Illustrative example — names, figures, and facts are fictional.
MEETING PREP BRIEF
Meeting: Opposing counsel call (meet-and-confer) | Time until: 30 minutes
Participants: Me; Renata Calvo (plaintiff's counsel)
Purpose: Resolve a discovery dispute over our ESI production scope before motion practice.
SITUATION SUMMARY
We produced custodial email for three custodians; plaintiff demands six more plus two years of Slack data. We offered to add one custodian. Their motion to compel is due in eight days, so this call is their last step before filing.
KEY POINTS TO MAKE
1. Our production is proportional under Rule 26(b)(1) given a $400k claim.
2. The three additional custodians they want had no decision-making role.
3. We will agree to one more custodian and a targeted Slack search with agreed terms.
4. Broad Slack collection imposes disproportionate cost; we'll quantify if pressed.
ANTICIPATED QUESTIONS (with responses)
Q: "Why are you withholding the regional managers?"
A: Not withholding — their roles are peripheral; offer to revisit if email shows otherwise.
Q: "Will you agree to Slack for all custodians?"
A: Targeted search with shared terms, yes; full collection, no — propose a sample first.
RISKS TO WATCH FOR
- Do not concede relevance of the two-year window; frame any agreement as compromise, not obligation.
- Avoid committing to a production date without checking the vendor timeline.
DESIRED OUTCOME
A narrowed dispute on the record — ideally a stipulation adding one custodian and a Slack sampling protocol — that avoids or weakens their motion.
FOLLOW-UP ACTIONS
- Send a confirming email summarizing any agreement same day.
- Get a cost estimate from the e-discovery vendor for the Slack sample.Tips
- •Paste the most recent correspondence or filing — Claude needs current context, not just background.
- •For client calls, ask Claude to include 'difficult questions the client might ask' with diplomatic responses.

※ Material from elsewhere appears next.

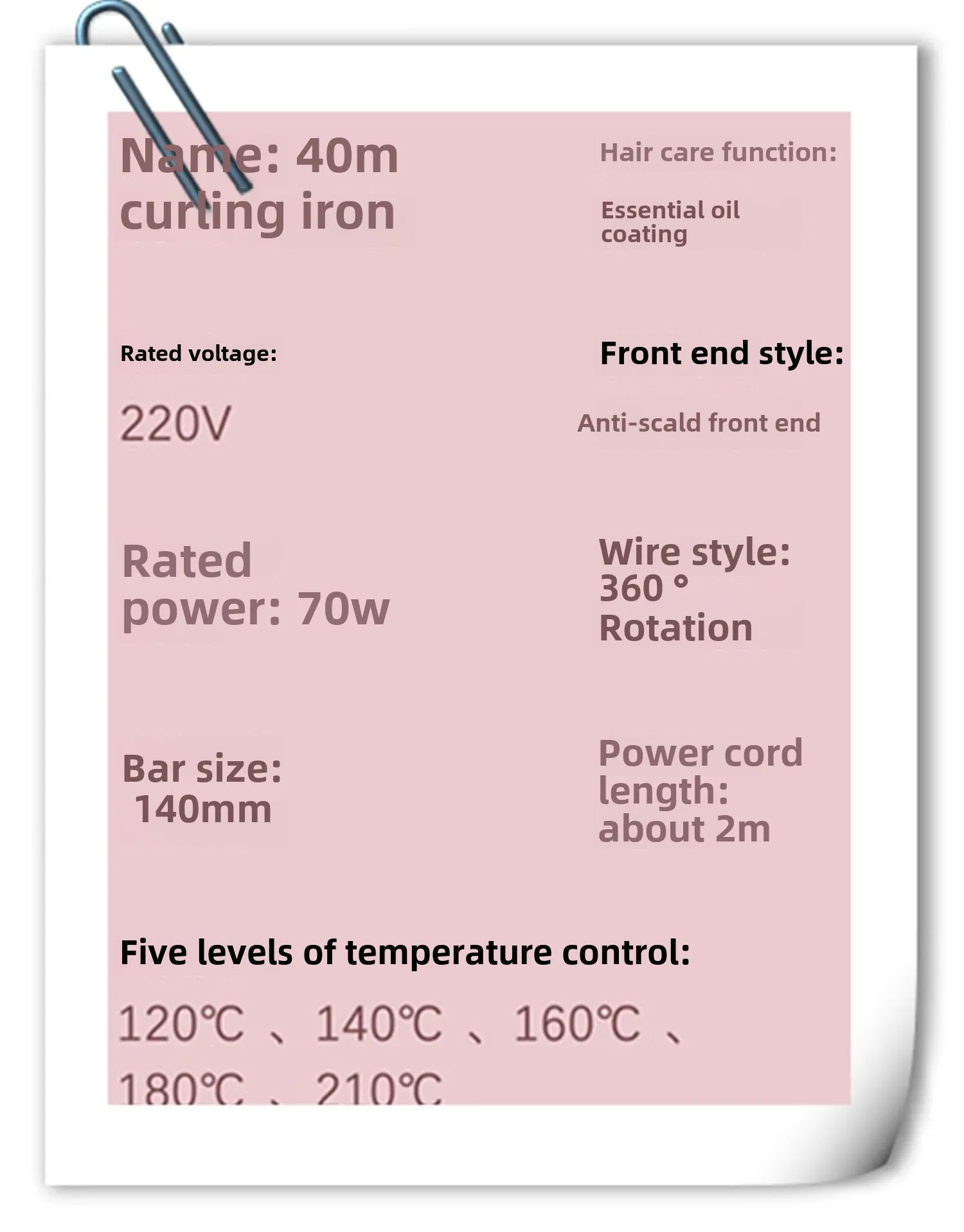 • Large 40mm Barrel : The large 40mm barrel of this curling iron allows for creating big, voluminous waves, perfect for salon-quality styling.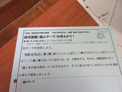 今年度の1年生の総合的な学習の時間のテーマは、「生き方を考える 〜他者・地域・社会から学ぶ〜」です。1学期は「『安心安全な藤ノ木』のためにできることを見つけよう」という課題で、追究学習を行います。

- •Run this prompt 10 minutes before the meeting — it forces you to clarify your own objectives.
Frequently Asked Questions
When should I run the meeting prep brief?

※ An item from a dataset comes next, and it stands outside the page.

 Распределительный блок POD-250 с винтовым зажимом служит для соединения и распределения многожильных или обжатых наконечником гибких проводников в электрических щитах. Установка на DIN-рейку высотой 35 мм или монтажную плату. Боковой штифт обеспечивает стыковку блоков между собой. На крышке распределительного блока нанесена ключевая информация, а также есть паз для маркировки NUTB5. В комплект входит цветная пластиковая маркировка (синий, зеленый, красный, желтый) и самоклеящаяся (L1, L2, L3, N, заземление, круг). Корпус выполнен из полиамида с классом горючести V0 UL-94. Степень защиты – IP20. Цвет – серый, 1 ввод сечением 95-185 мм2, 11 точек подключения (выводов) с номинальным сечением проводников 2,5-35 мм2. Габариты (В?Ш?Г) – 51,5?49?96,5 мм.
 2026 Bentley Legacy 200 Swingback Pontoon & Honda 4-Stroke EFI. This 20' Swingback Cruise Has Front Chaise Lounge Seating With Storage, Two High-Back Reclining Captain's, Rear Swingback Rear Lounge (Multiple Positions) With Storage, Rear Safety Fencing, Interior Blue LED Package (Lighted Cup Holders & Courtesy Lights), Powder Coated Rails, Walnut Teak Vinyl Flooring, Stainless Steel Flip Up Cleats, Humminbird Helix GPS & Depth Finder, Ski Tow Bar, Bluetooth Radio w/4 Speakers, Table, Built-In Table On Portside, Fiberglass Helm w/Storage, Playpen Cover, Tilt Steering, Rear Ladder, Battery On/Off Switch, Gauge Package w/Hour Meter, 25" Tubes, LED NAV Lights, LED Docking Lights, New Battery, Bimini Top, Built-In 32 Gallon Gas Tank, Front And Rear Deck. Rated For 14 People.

Use it before any call, meeting, hearing, deposition, or mediation where you need to get up to speed fast — particularly when you are short on time. Running it about ten minutes out works well, because pulling your objectives and anticipated questions together while the meeting is imminent sharpens your focus more than reviewing the file passively would.
Can I treat the brief as a reliable plan for the meeting?
Treat it as a starting point you must vet. Claude only knows what you paste in, so it can misread the strategy, overlook a fact outside the notes, or propose a response that does not fit the personalities involved. Review it against your own judgment and the full file before you rely on it; it organizes your thinking rather than replacing it.
How do I get the most useful brief?
Paste the most recent correspondence or filing, not just background — Claude needs current context. State the meeting type, the participants, and the purpose precisely. For client calls, ask it to include the difficult questions the client might raise with diplomatic responses. The more specific your inputs about people and goals, the more tailored the talking points.
What about confidentiality when I paste case notes?
Case notes and correspondence are often privileged, so apply the safeguards ABA Formal Opinion 512 and Model Rule 1.6 call for. Use a business or enterprise tier that does not train on your inputs and offers contractual data protection, rather than a consumer product. Where the prep does not depend on specific identifiers, consider redacting client and third-party names before pasting.